It's not about what she's getting from another man.

It's about what she's NOT having to deal with now that her cheating husband is out of the picture.


----------



## zillard (Nov 13, 2012)

Kobe said:


> What if you knew without a doubt that he was truly sorry for what he had done? I really am and i feel like she would see that if she would just give me a chance to talk to her. What can this new guy give her that I can't. I'm her husband.


What did your posOW give you that she couldn't? She's your wife!


----------



## Kobe (Dec 28, 2012)

zillard said:


> With action. Not with words that right now probably seem completely empty to her. What are you texting her?


apologies, mostly. I have asked her to dinner a couple of times. I told her that I was going to counseling to. She doesnt respond to any of them except once she told me to stop contacting her.


----------



## Kobe (Dec 28, 2012)

zillard said:


> What did your posOW give you that she couldn't? She's your wife!

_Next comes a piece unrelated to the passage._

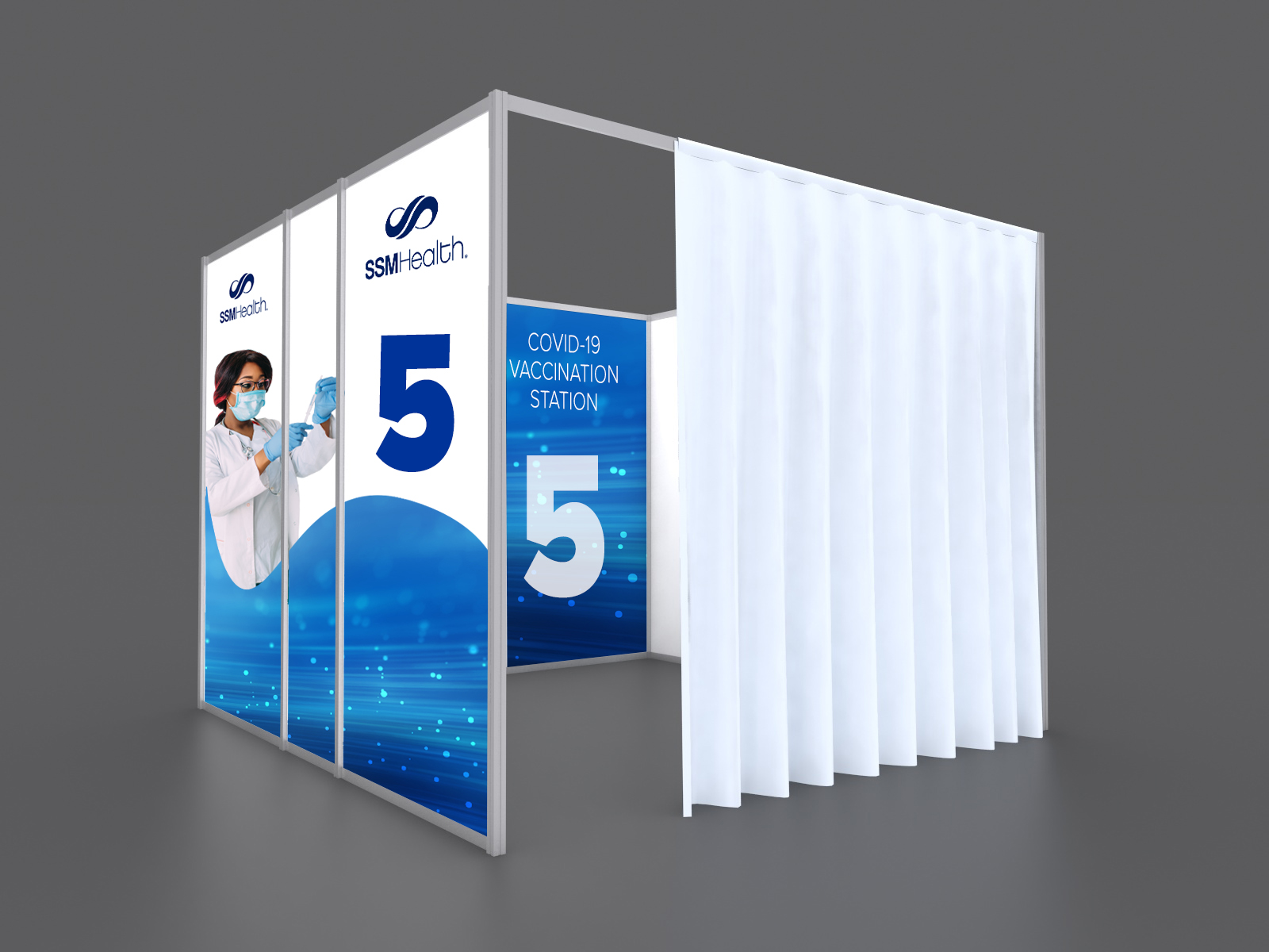 Modular Examination Rooms and Registration Stations are ideal as temporary structures, such as offsite facilities, overflow demands, or whenever construction requires short-term offices. The engineered aluminum frames are lightweight and satin anodized, making them incredibly durable and easy to clean. The frames assembly quickly, either with attached clips (Gravitee frames) or with a simple hex key (MODUL structures). The modular design allows them to expand or reconfigure, typically without disassembly of the existing structures.

Nothing. I enjoyed the attention she gave me because it was new an exciting.


----------



## zillard (Nov 13, 2012)

Kobe said:


> apologies, mostly. I have asked her to dinner a couple of times. I told her that I was going to counseling to. She doesnt respond to any of them except once she told me to stop contacting her.


If she asked you to stop contacting her, stop contacting her. 

By having an affair you disrespected her. 

You continue to disrespect her by not honoring her request.

That shows her you are still putting you first.


----------



## Kobe (Dec 28, 2012)

I think she's just confused right now. She can't think clearly with another man in her life.


----------



## zillard (Nov 13, 2012)

Kobe said:


> I think she's just confused right now. She can't think clearly with another man in her life.


Stings, don't it.


----------



## east2west (Oct 19, 2012)

This is what I would do.

1) Figure out how to change into the type of man that would never ever do that. This includes outgrowing the character flaws that led you into an affair. It also includes becoming better at relationships so that you wouldn't be so unhappy in the first place. Your effort should go into improving yourself so that you can be a better partner, if not for your wife, then for someone, someday.

2) Commit to not date until you are divorced. Until that time there is still some chance for an R with your wife. And any other relationships will make this much less likely.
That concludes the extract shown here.